You are viewing a plain text version of this content. The canonical link for it is here.

Posted to users@spamassassin.apache.org by Giampaolo Tomassoni <g....@libero.it> on 2007/09/26 03:41:49 UTC

URIWhois plugin

Dears,

well, I just did version 0.01 of the URIWhois plugin.

Its purpose is mainly to detect some spam containing URIs to sites in
brand-new domains, or having some conflict in whois and dns records, or
being driven by specific dns servers.

So, it is meant to do something I believe someone else is already doing in
their SA, but this plugin is completely asynchronous in order to minimize
any performance impact.

Also, it caches whois results. But the best thing is that, if you run more
SA copies on the same computer (in example, you use amavis), when one is
asked to issue a whois query for a domain which another copy is already
quering, the first SA copy waits for the results obtained by the latter!

Finally, it is easily configurable to adapt to your own mileage: you may
even avoid whois queries by not using some of the rules. More details by
perldoc.

Please note this is not stable stuff. It is... well, what's before alpha?

The URIWhois plugin needs SA v.3.002003 (or above?) and would surely
appreciate a quite recent copy of BerkeleyDB (I'm using 0.31 with v.4.5 of
the berkeleydb libraries).

You can download it from here:
http://www.tomassoni.biz/download/URIWhois-0.01.tar.bz2 (come on, it is 17
KB...).

Untar it on the /etc/spamassassin directory and you are (almost) done.
Review settings from the /etc/spamassassin/URIWhois.cf file.
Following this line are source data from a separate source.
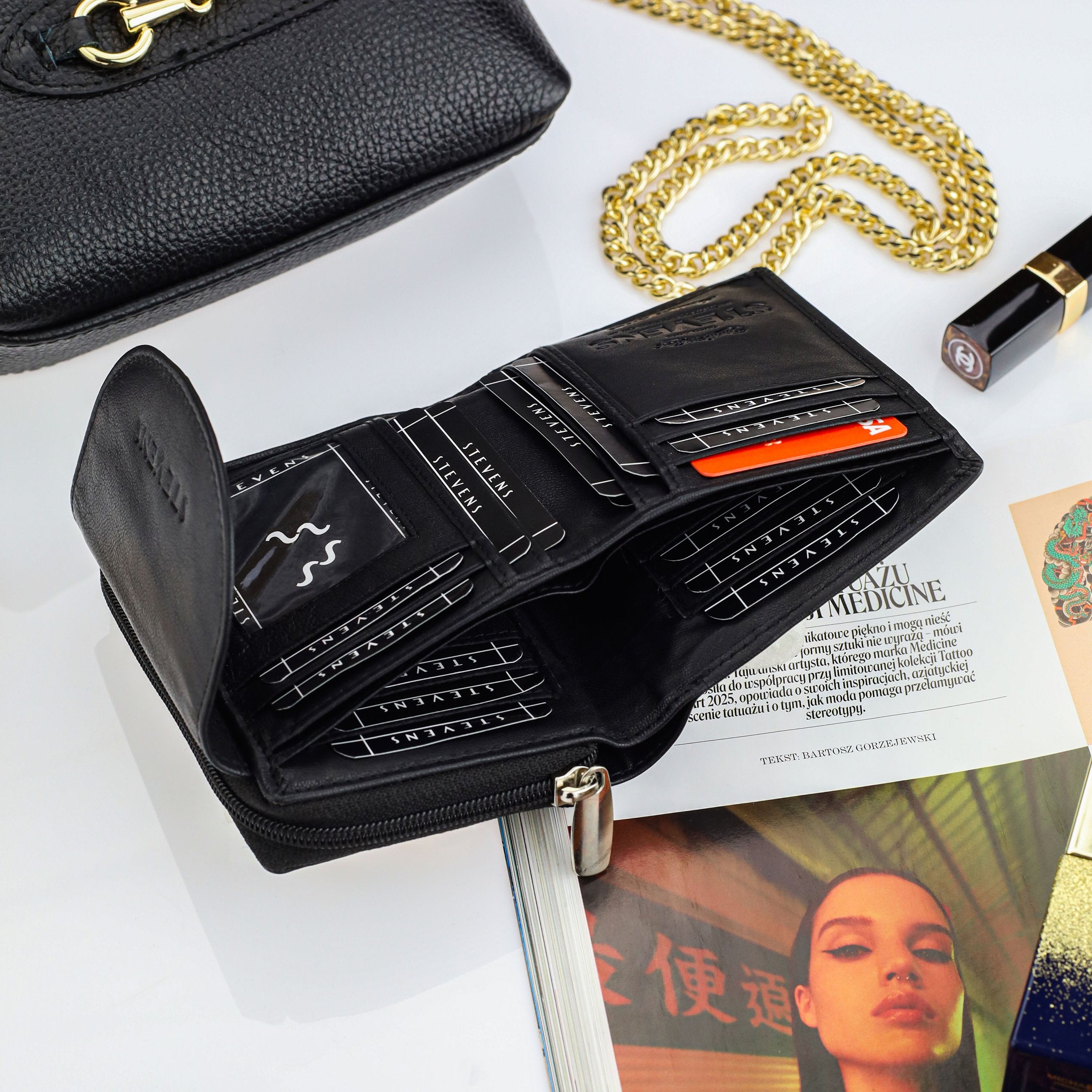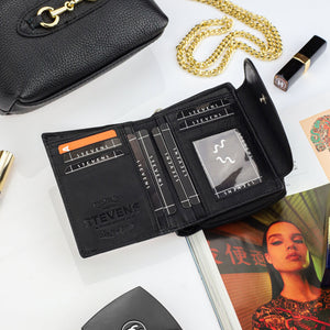 Moteriška odinė piniginė Stevens, juoda, su RFID apsauga Z01-D03
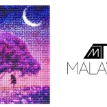 Het motief van een boom in roze‑paarse tinten met een halve maan creëert een indrukwekkende mozaïek die prachtig glinstert in het licht.
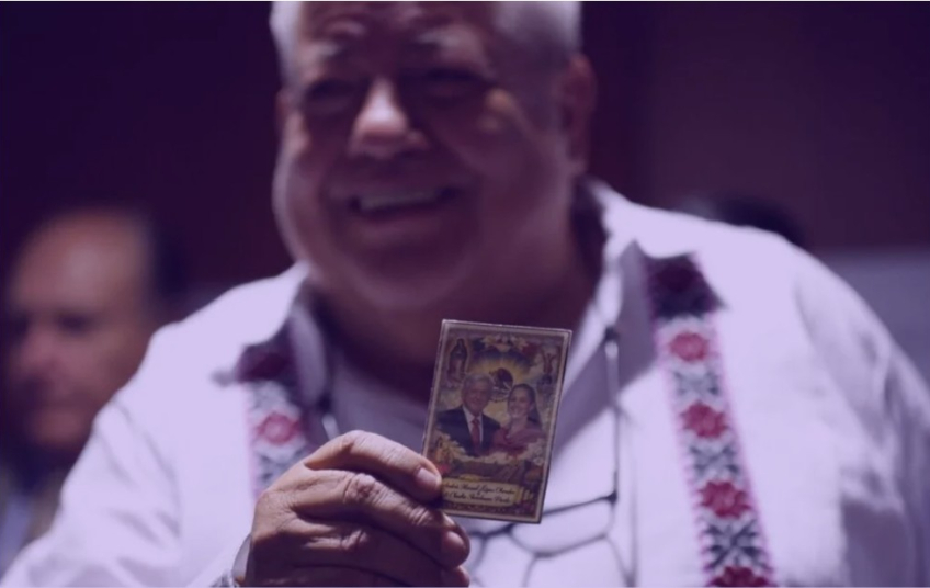 Esta estampa, que mezcla la Virgen de Guadalupe con los rostros de los líderes políticos partidistas-presidenciales –y que merece otra reflexión desde la laicidad del Estado–, no se trata de una herejía popular, sino del ministerio hecho “mysterium” en estado puro: los líderes del movimiento se presentan como si no fueran delegados contingentes de la voluntad temporal del pueblo, sino como una encarnación trascendente del pueblo mismo, ungidos por una fe civil que exige lealtad corporal y simbólica.

I would like to have this code reviewed by you, since I'm not that much used
to the async thingeries in SA.

Enjoy!

Giampaolo

Re: New domains (was: URIWhois plugin)

Posted by Dave Pooser <da...@pooserville.com>.
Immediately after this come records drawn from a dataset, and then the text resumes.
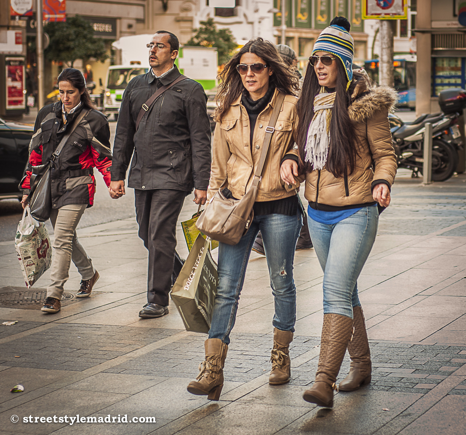 En los últimos días de frío por Madrid se mantienen los modelos. Abrigos camel, gorros y foulares.
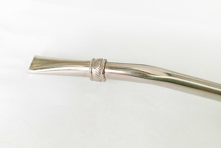 Elegancko prezentująca się bombilla z podwójnym systemem filtracji i pierścieniem chłodzącym. Bardzo dobrze radzi sobie nawet z drobniejszymi yerbami. Wykonana z brązu niklowanego.
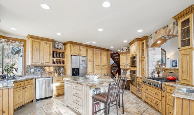 This residence features marble flooring throughout and a variety of elegant interior details, including a first-floor entry, built-in bar, custom cabinetry, a spacious cooking island with pantry, walk-in closets, and thoughtfully designed closet systems.
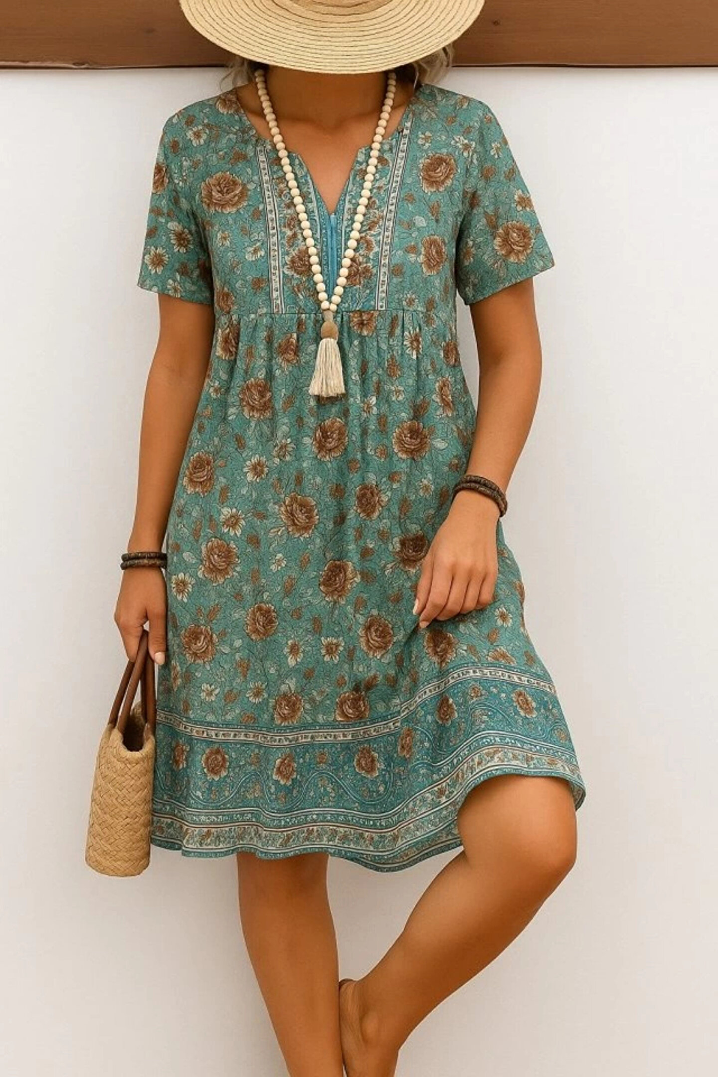 MissRunin Kadın Kısa Kollu Yakası Bağcıklı önden Düğmeli Fırfır Desenli Süprem Elbise

> 2.  As mentioned above the whois data is sometimes populated *after* the
> domains
> start appearing in spams.  Remember that the whois data is still mostly batch
> processed once or twice a day.  Many of the TLD zone files (where the DNS
> delegations actually come from) are updated in near real time.  IOW the whois
> data can significantly lag usable domains.

I'd be tempted to try using the whois data as the basis for a RHSBL
not-blacklist (i.e: if the domain name DOESN'T match the RHSBL, then it's
not old enough to accept mail from). However, as a practical matter we'd be
talking about a multi-gigabyte zone file and I expect that would prove a
little problematic for whatever sucker^H^H^H kind soul ended up hosting the
thing. 
-- 
Dave Pooser
Cat-Herder-in-Chief, Pooserville.com
"...Life is not a journey to the grave with the intention of arriving
safely in one pretty and well-preserved piece, but to slide across the
finish line broadside, thoroughly used up, worn out, leaking oil, and
shouting GERONIMO!!!" -- Bill McKenna

Re: New domains (was: URIWhois plugin)

Posted by Jeff Chan <je...@surbl.org>.

Quoting Jonas Eckerman <jo...@frukt.org>:

> (The idea below is not mine, someone else (I'm sorry, but I
> forgot who) wrote about it here (I think) before.)
>
> Giampaolo Tomassoni wrote:
>
> > brand-new domains,
>
> Something that could work for this without the problems inherent
> in using whois or registry databases is to simply check how long
> ago a domain was first seen beeing used for sending mail or in
> URIs in mail. (People might allready be doing this locally, but
> doing it centralized could work better.)
>
> A specialized DNS server could be done for this. It'd work
> something like this:
>
> 1: It receives a query.
>
> 2: It checks in it's database.
>
> 3.a, found in database:
> * Return result indicating how long ago domain was added.
>
> 3.b: not found:
> * Adds the domain to the database.
> * Return result indicating new domain.

This is a very good idea, and could be used as a partial substitute for the Day
Old Bread list.  I particularly like that it could be relatively lightweight
and automatic.

Naturally there are some complications:

1.  What happens if the domain is re-registered before it's delisted?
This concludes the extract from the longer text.